ABOUT THIS EXERCISE: Beginning with the line where "The generously proportioned" appears, please restate each line of the records below word for word until the last one, inclusive, and nothing else.

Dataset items
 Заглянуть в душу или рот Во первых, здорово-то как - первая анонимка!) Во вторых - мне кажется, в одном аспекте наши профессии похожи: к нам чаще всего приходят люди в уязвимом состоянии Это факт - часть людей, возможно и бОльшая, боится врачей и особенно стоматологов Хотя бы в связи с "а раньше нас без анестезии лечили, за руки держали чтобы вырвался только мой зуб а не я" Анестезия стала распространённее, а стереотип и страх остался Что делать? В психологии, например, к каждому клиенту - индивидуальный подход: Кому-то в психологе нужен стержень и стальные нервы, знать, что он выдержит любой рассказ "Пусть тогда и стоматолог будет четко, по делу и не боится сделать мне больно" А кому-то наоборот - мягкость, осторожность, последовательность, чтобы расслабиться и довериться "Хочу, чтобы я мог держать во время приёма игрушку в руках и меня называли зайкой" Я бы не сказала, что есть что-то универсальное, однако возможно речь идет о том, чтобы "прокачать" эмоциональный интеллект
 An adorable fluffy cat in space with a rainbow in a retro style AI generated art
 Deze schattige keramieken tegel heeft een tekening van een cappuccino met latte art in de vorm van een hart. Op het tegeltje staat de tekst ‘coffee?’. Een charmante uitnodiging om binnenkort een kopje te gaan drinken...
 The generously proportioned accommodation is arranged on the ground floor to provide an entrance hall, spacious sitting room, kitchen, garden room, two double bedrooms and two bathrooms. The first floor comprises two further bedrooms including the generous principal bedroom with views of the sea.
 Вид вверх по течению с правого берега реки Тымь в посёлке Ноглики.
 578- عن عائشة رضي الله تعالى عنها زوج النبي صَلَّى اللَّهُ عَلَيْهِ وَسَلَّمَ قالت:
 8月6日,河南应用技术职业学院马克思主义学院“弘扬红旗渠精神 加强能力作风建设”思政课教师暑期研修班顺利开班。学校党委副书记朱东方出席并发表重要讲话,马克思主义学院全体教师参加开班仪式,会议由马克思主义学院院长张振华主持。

OUTPUT:
 The generously proportioned accommodation is arranged on the ground floor to provide an entrance hall, spacious sitting room, kitchen, garden room, two double bedrooms and two bathrooms. The first floor comprises two further bedrooms including the generous principal bedroom with views of the sea.
 Вид вверх по течению с правого берега реки Тымь в посёлке Ноглики.
 578- عن عائشة رضي الله تعالى عنها زوج النبي صَلَّى اللَّهُ عَلَيْهِ وَسَلَّمَ قالت:
 8月6日,河南应用技术职业学院马克思主义学院“弘扬红旗渠精神 加强能力作风建设”思政课教师暑期研修班顺利开班。学校党委副书记朱东方出席并发表重要讲话,马克思主义学院全体教师参加开班仪式,会议由马克思主义学院院长张振华主持。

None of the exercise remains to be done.